Exercises like deadlifts, squats, kettlebell turkish getups, etc. are far better functional movements; they all require a lot of core strength and stability to protect the spine. To complete a heavy deadlift, you need to have solid stabilization in all your core muscles or injuries will happen. Proper form and technique are also crucial, but the best form won’t save your back if your core isn’t engaged correctly, even if you stand correctly (assuming you’re lifting a reasonable weight – although how often do people “throw out their back” reaching for a can of soup?).

You’ll limit your potential and spinal longevity by not training core stability, strength, functionality and mobility over the individual muscles. And in fact having a, “six pack,” has little to do with sit-ups and crunches and more to do with deadlifts and diet.

How much core do you use daily? It depends on the exercise and number of repetitions. I base core stabilization on the number of reps I plan to complete. I can’t hold my abs at 100% contraction for 30 reps – I wouldn’t last. So I have to stabilize based on the volume and load.

How much stabilizing should you do?

If I am walking around the house or walking down the street, I’m probably roughly 20 – 30% contracted. My abs are always engaged. You’ll be hard pressed to every find me in a position where my “gut hangs out.” If I’m doing high volume reps in the 20 – 50 range, I’m probably 40 – 50% contracted. Reps 10 – 20 range about 60 – 70% contracted. Reps 3 – 10 range 80 – 90% contracted and a one rep max is 100% contracted.

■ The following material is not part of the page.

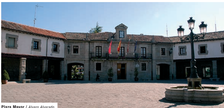
Plaza Mayor / Alvaro Alvarado

Hace décadas este lugar, conocido como "La Nava", era una zona de pastos muy cercana al municipio. Actualmente, es un parque utilizado como zona de esparcimiento, recreo y punto de encuentro de los vecinos.

Completing an exercise like a heavy shoulder press should leave not only your shoulders burning but your abs too. To execute a dumbbell shoulder press in the standing position, your pelvic floor must be equal top to bottom, your ribs have to be properly aligned and your shoulders have to be pulled back in a proper position. The locked arm overhead position can be quite difficult for people to properly hold without hyperextending the spine or not having the arms properly overhead. Your core is what holds everything where it needs to be (if you know how to do it).

So at your next workout, be sure to think about your abs and their involvement in all functional movements. That’s not to say never use a piece of gym equipment, but certainly limit the use. Let your body do the work of stabilizing rather than a machine. It will lead you to a longer more functional life with good spinal health.